Question

使用SQL Server 2005

表1

ID Intime Outtime

001 00.21.00 00.48.00
002 08.23.00 13.45.00
003 00.34.00 00.18.00

我需要显示30分钟或1小时的时间，它应该显示一个结束时间

预期产出

ID Intime Outtime

001 00.30.00 01.00.00
002 08.30.00 14.00.00
003 01.00.00 00.30.00

如何查询舍入时间。

Answer 1

您可以将当前日期舍入为30分钟，如：

select dateadd(mi, datediff(mi,0,getdate())/30*30, 0)

说明：这需要自0日期以来的分钟数：

datediff(mi,0,getdate())

然后通过除以并乘以30将其舍入为30的倍数：

datediff(mi,0,getdate())/30*30

将结果添加回0日期以查找最后30分钟的阻止

dateadd(mi, datediff(mi,0,getdate())/30*30, 0)

这可以轻松调整60分钟。：）

Answer 2

看看DATEDIFF，DATEADD和DATEPART。你应该能够做到你想做的事情。

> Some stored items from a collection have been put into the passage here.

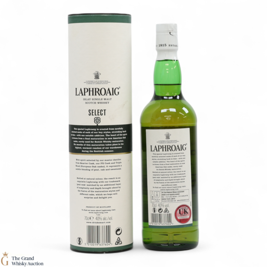 Laphroaig Select has been created using a combination of whisky from a number of different types of casks, including Oloroso Sherry butts, white American oak, Pedro Ximenez seasoned hogsheads, quarter casks and first-fill bourbon casks.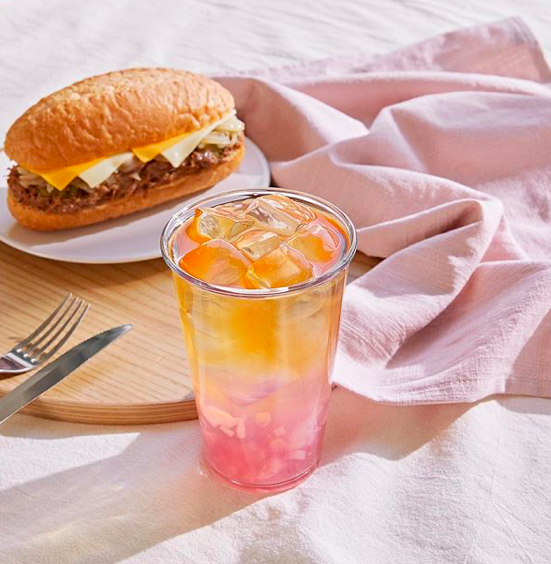 跟小編一樣喝冰沙牙齒就酸到不行的話,韓國星巴克也另外推出這款「桃色冰茶」或許會很適合你唷!這款冰茶中帶有蜜桃香,同樣加入果凍,整杯漸層色調的飲料,超級適合夏天,喝下一口感覺整個人都能從炎炎夏日中復活過來!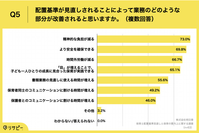 Q4で「非常にそう思う」「ややそう思う」と回答した方に、「Q5.配置基準が見直しされることによって業務のどのような部分が改善されると思いますか。(複数回答)」(n=63)と質問したところ、「精神的な負担が減る」が73.0%、「より安全を確保できる」が69.8%、「時間外労働が減る」が66.7%という回答となりました。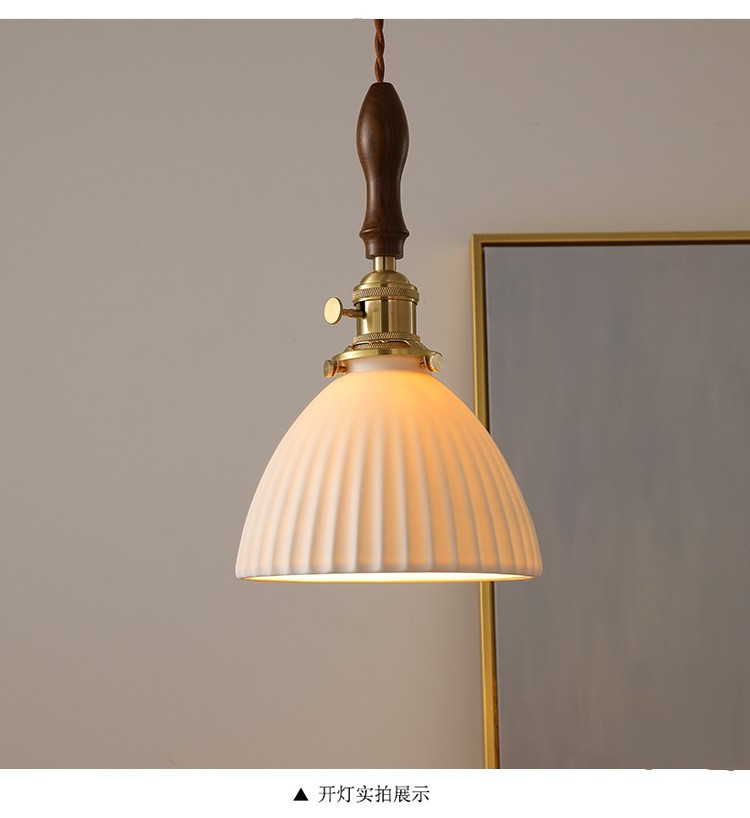 Walnut Vintage Ceramic Copper Bedroom Bedside Chandelier Cafe Brass Single Head Chandelier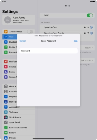 Press the required Wi-Fi network and key in the password for the Wi-Fi network.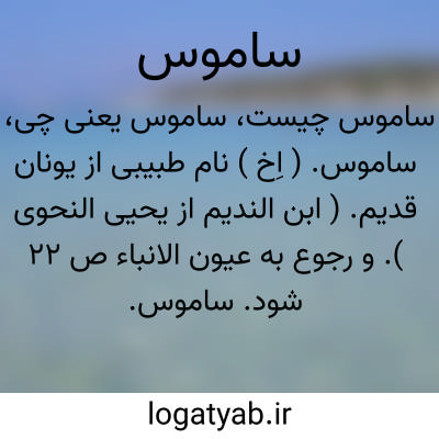 ساموس. ( اِخ ) نام طبیبی از یونان قدیم. ( ابن الندیم از یحیی النحوی ). و رجوع به عیون الانباء ص 22 شود.
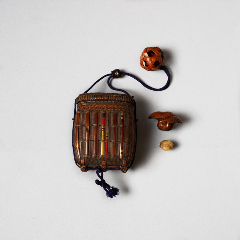 The tobacco box made of bamboo strips woven in various patterns, some stained and lacquered in red and gold, the base signed Chikuunsai zo, attached to a netsuke also made of woven bamboo with an inner ball and a bell inside; together with a wood netsuke carved as a cluster of mushrooms and a stag antler ojime modelled as a fugu fish, 9.9cm max. (3)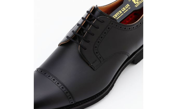 創業以来50年もの長きに渡って、主に紳士靴の生産をしているスコッチグレイン。 シンプルだからこそ、美しいフォルムが際立つ。紳士靴本来の美しさを追求したデザインが、このストレートチップ。シングルEのシャープなライン、低く抑えたトゥ、ノーズは細く長く、ヒールカップもシャープにと、無駄の無いすっきりしたデザインに仕上げました。コバの仕様も矢筈コバにすることで、より華奢なイメージが出るようにと細部にもこだわりました。正統派の内羽根式ストレートチップ。エレガントで端正な顔立ちの一足です。 高級カーフに上質で繊細なテクスチュアを施した甲革は、お手入れするほど光沢感に磨きがかかり、本格革独特の味わいをお楽しみいただけます。さらに「モルトドレッシング」で磨き上げた光沢は、一級の革靴を楽しむ喜びを味わうとともに、いつまでも飽きのこない光沢と質感をもたらしてくれます。 この製品に使用されています本底はトップゴムレザーソールとなります。良質なヨーロッパ原皮を使い、イタリアにて鞣された革底です。日本の自社工場にて、底部分より減りやすいと言われるつま先部分に対して、ゴムを付けることで減りが軽減できるように加工しております。雨などの影響で革が乾燥し硬くなることで、持ちが悪くなるのでご注意ください。 【 ご注意点 】 ・革底のため雨天等にご利用頂くと寿命が短くなることがございます。 ・汗を吸い易い為、毎日同じ靴をお履きにならず交互にお履きください。 ・中底は環境や体に配慮された天然皮革を使用している為「色落ち」する恐れがあります。 ・素材に合ったクリーム等でお手入れしてください。 ・防水スプレーやクリーナー等のご使用で、効果が得られず、シミや色落ちの原因になることがございます。 ◎詳しくは、ホームページや箱裏面にご注意書きがございます。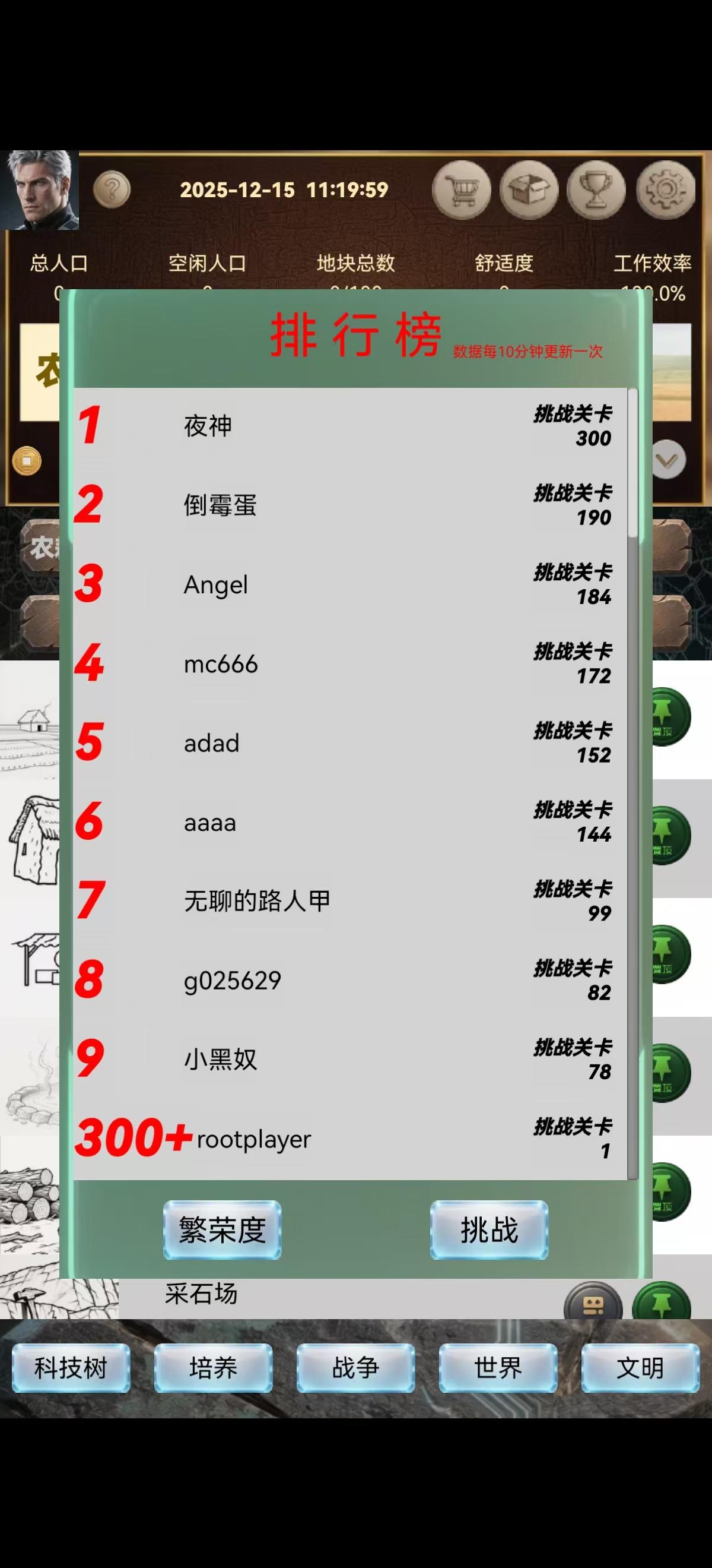 游戏测试经过一个月,经过大量bug修复,游戏优化以及无止尽的杂事以后已经逐渐稳定,我将在后续集中精力进行正式版的开发工作,为感谢大家在测试版中的游戏,现准备对测试版达到一定游戏进度和排名的玩家在正式版《文明进化史2》中进行补偿,具体如下: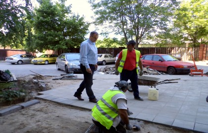 Дейностите по стартиралото в края на април облагородяване на пространството около най-големия жилищен блок със 150 апартамента на ул. „Генерал Радко Димитриев“ в квартал „Гладно поле“ вървят по график. Това констатира кметът на район „Източен“ Николай Чунчуков при инспекцията си на обекта.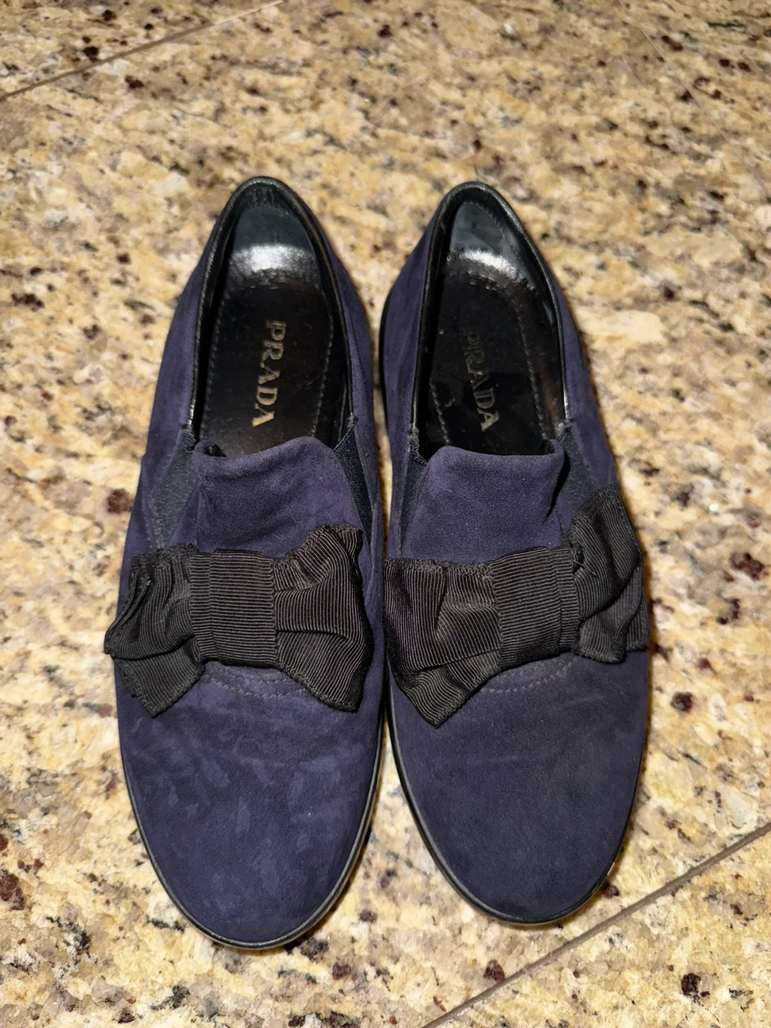 Selling a pair of Prada loafers in a beautiful navy suede! They feature a cute bow detail and are a size US 7 (37 1/2).Perfect for adding a touch of elegance to any outfit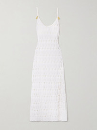 Embellished open-knit cotton and silk-blend midi dress Off-white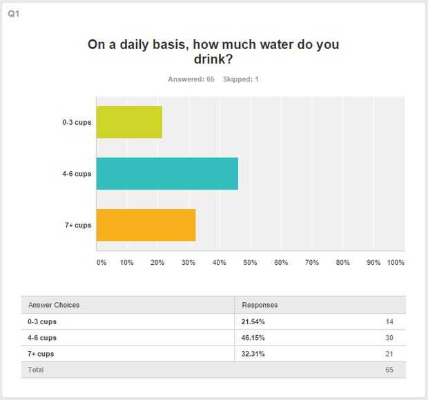 La cantidad recomendada de agua es generalmente 64 onzas o aproximadamente 8 tazas al día. Con la información obtenida en la encuesta aparece que el 68% de los estudiantes no beba suficiente agua. Esto puede conducir a una multitud de problemas de salud que puede hacer aún más difícil la vida universitaria. Así que decidimos llegar a los estudiantes.

http://msdn.microsoft.com/en-us/library/ms189794.aspx

http://msdn.microsoft.com/en-us/library/ms186819.aspx

http://msdn.microsoft.com/en-us/library/ms174420.aspx

这是一个循序渐进的例行程序。我相信你可以做一些更短，更高效的事情。如果您使用datetime数据类型而不是字符串，它也会简化很多。

declare @T table (id char(3), intime char(8), outtime char(8))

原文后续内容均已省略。